It was only a matter of time before the U.S. passed its version of GDPR: The California Consumer Privacy Act, AKA CCPA (because the industry definitely needs another acronym), will go into effect January 2020. But how similar is California’s take on privacy and will current GDPR protections comply with CCPA?

Background:

Motivated by recent, large scale breaches of consumers’ information, including the March 2018 incident with data-mining firm Cambridge Analytica that exposed the misuse of tens of millions of people’s personal data, the CCPA’s purpose is to take greater safeguards to protect consumers’ privacy against misuse stemming from carelessness, shadiness, and outright theft and fraudulent activities. The bill grants California residents grants greater privacy and control over their data while demanding more transparency and communication from businesses.

What is it?

Essentially, businesses must now provide explicit information on how and to whom personal data is being used, as well as honor requests for more information by consumers. Businesses must also clearly state if they engage in selling their customer data.

CCPA seem simple but the consumer data gathered from KYC can be sensitive if not handled with care. But technologies like blockchain can provide innovative approaches that put individuals in control of their personal data, and relieve businesses of some of the burdens associated with data management. If this capability to leverage blockchain advantages can be properly implemented then the long-standing compliance issues of KYC can be addressed better. This might further help companies accommodate CCPA.

Under CCPA, businesses are required to provide California residents with the right to:

  • Know what personal data is being collected about them.
  • Know whether their personal data is sold or disclosed and to whom.
  • Say no to the sale of personal data.
  • Access their personal data.
  • Request a business to delete any personal information about a consumer collected from that consumer.
  • Not be discriminated against for exercising their privacy rights.

As such, businesses are required to notify and request permission from customers before collecting data, state its purpose, use the data in a lawful manner, and comply with consumers’ requests for deletion.

When does it go into effect?

January 1, 2020 (confusing as it is called “The California Consumer Privacy Act of 2018.”). It becomes enforceable on July 1, 2020.

Who does it apply to?

The CCPA applies to any for-profit businesses (not nonprofits or governmental entities) in the state of California that collect consumers’ personal data and meets at least one of the following criteria:

  • Has annual gross revenues in excess of $25 million
  • Handles data of more than 50,000 people or devices
  • Earns more than 50% of its annual revenue from selling consumers’ personal information.

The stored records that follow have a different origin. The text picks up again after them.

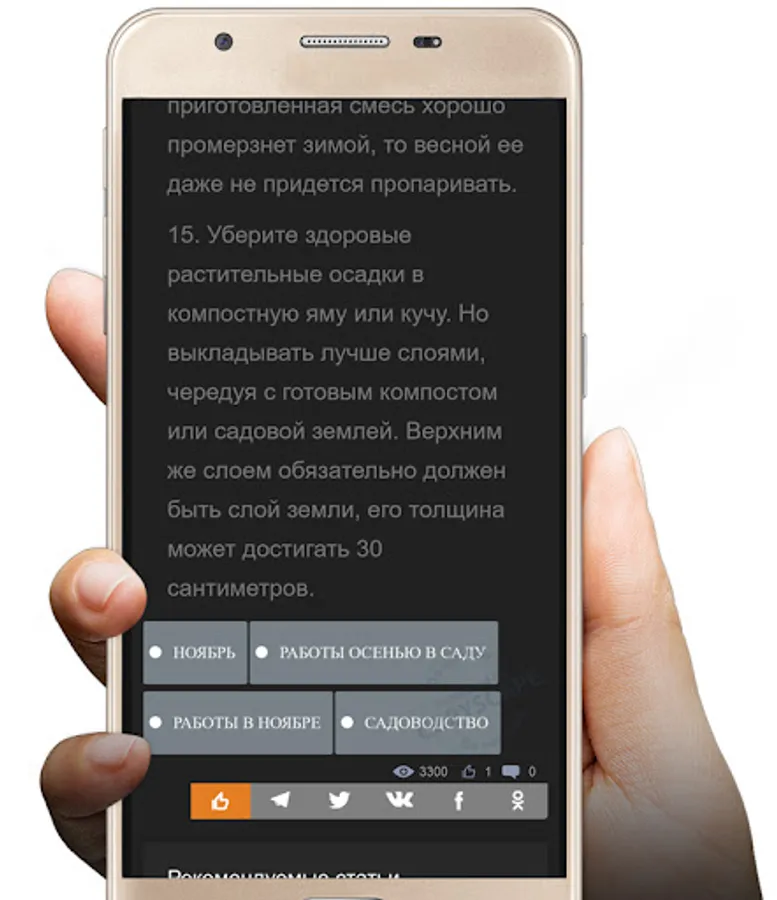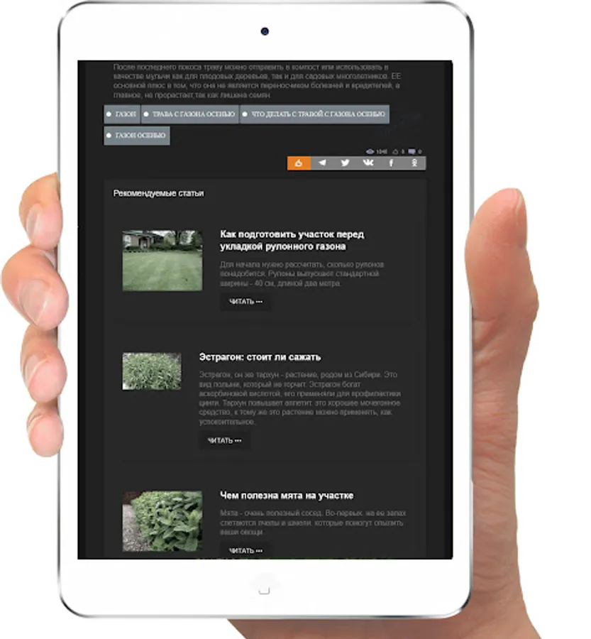 The application implements keyword search. for example, you decide to plant currants and do not know how, where and what to do next with it in order to achieve excellent yields. You enter the query "currant" - and get materials for planting, pruning, top dressing, etc. Decided to build a house - no problem. Query "foundation" - 50 articles from "which foundation to choose" to "drainage and reinforcement of the foundation."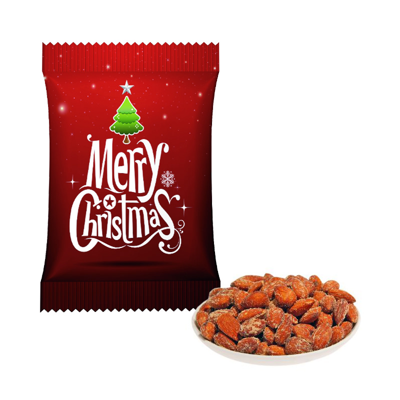 Rauchmandeln Flowpack mit Werbedruck 1-farbigab 0,60 € | ab 24 Arb.-Tg. | ab 3.000 Stk.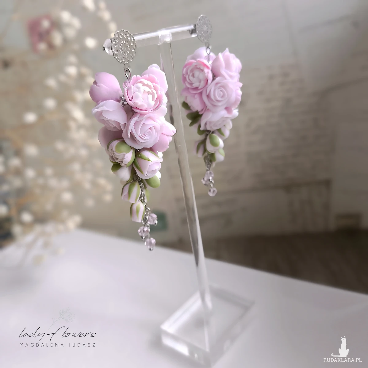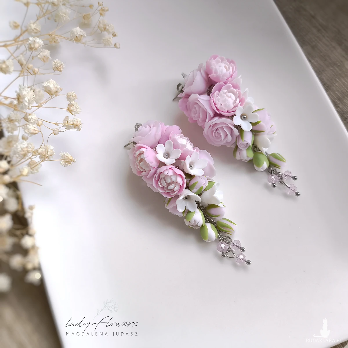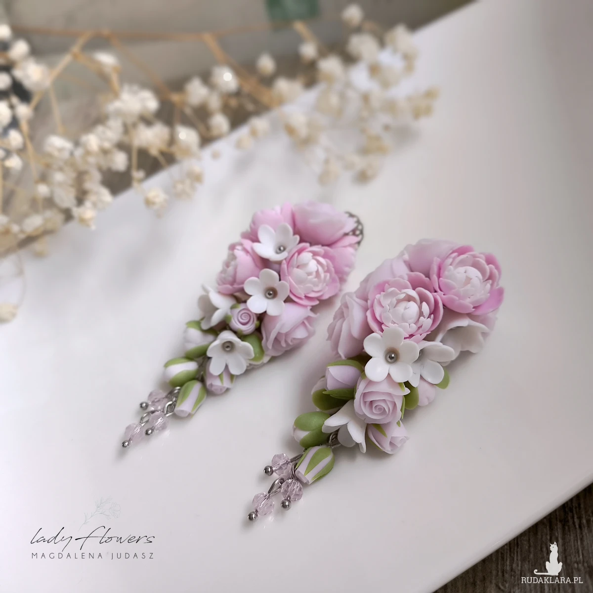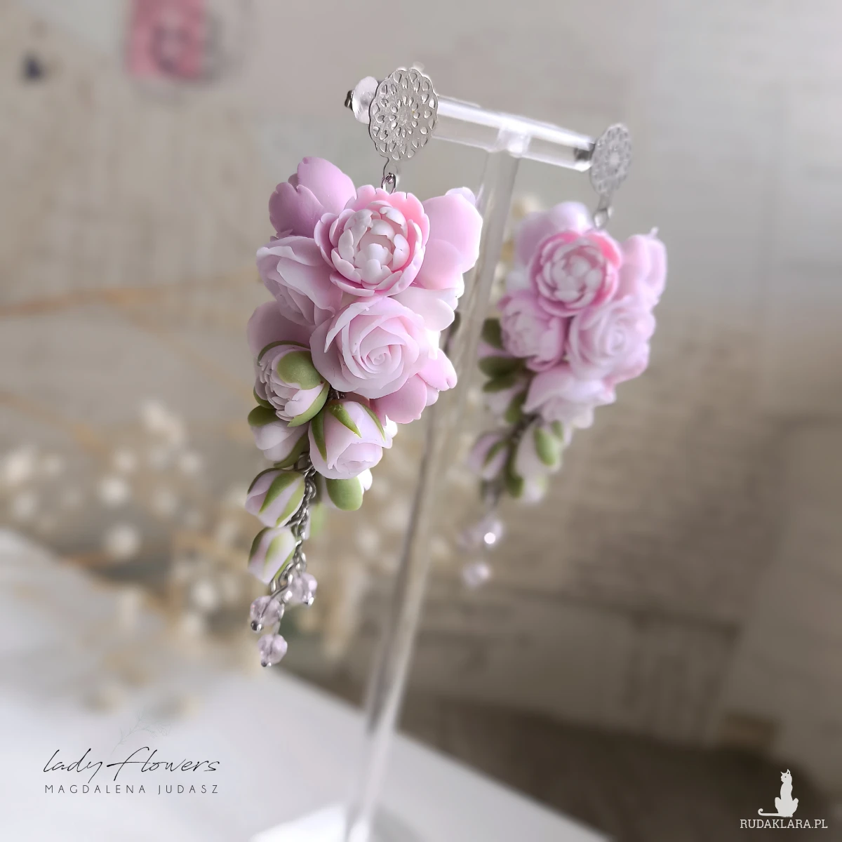 Eleganckie kolczyki z pudrowymi peoniami i różyczkami, wykonane z profesjonalnej masy termoutwardzalnej.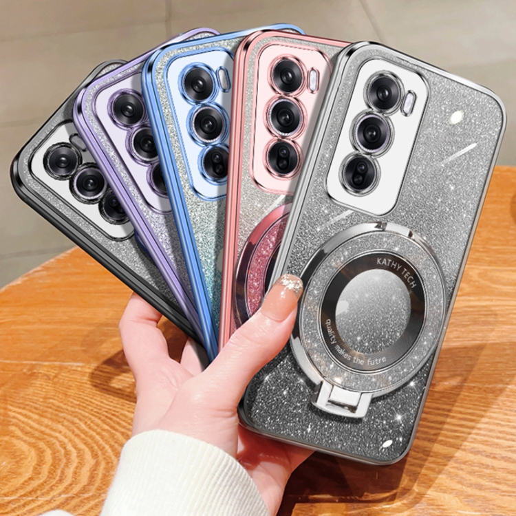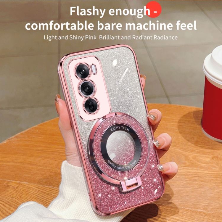 Funda de Teléfono de TPU con Soporte Redondo y Purpurina Degradada para Oppo Reno12 Global (Plateada)
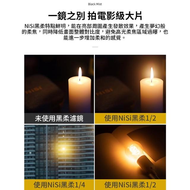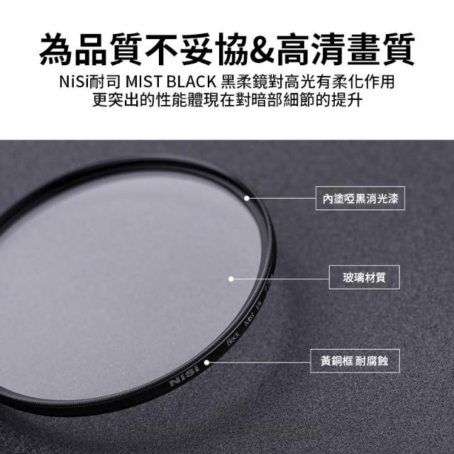 NISINISI耐司 黑柔焦濾鏡 1/8 黑柔焦鏡 柔光濾鏡 朦朧鏡 49mm/52mm/67mm/72mm/77mm/82mm Black Mist black soft filter

Is it really California only?

California is an important state to set a privacy precedent. Not only does it hold the largest population in the United States (39.56 million in 2018), but it’s home to the hot bed incubator of tech powerhouses and cutting edge startups. Notable digital companies headquartered in California include Alphabet/Google, Apple, Facebook, and Oracle.

While the law only applies to customers that live in California, most companies will have to shift privacy policies to accommodate it. Other states will likely follow suit and use the CCPA as an example to set their own state-level privacy laws.

CCPA vs. GDPR

The good news is that CCPA and the European General Data Protection Regulation (GDPR) have many similarities, so companies that have adopted practices that comply with GDPR will be pretty well-prepared for CCPA. Both the CCPA and the GDPR adopt an expansive definition of personally identifiable information (PII) and value the customer’s right to choose and understand how their data is being used. There are some differences – overall, CCPA is more specific in their requirements, while GDPR is a bit broader.

PWC offers a great table comparing the two on main points, from scope to enforcement:

What about child data: CCPA vs. GDPR vs. COPPA?

The protection of child data is not new in the US: the Children’s Online Privacy Protection Act (COPPA) came into effect in 1998. (In Europe, child data was treated like every other piece of personal data until the GDPR set specific and stronger rules.) Now, the CCPA goes even further than COPPA in children’s data protection: While all consumers can opt-out of the sharing of their information, consumers under the age of 16 must opt-in. And if they’re under 13, their parents or guardians must opt-in (EdSurge, 2018).

What do consumers think?

67% of US online adults and 57% of European (EU-5) online adults are not comfortable with companies sharing and selling their data and online activities, according to Forrester research. And 51% of US online adults and 48% of EU-5 online adults report taking active measures to limit the collection of their data by apps and websites (“Tackle The California Consumer Privacy Act Now” Forrester Research, Inc., February 8, 2019).

55% of US privacy professionals plan to be CCPA-compliant prior to January 1, 2020. 25% plan to be ready for July 1, 2020, when the law becomes enforceable (International Association of Privacy Professionals (IAPP) and OneTrust via eMarketer).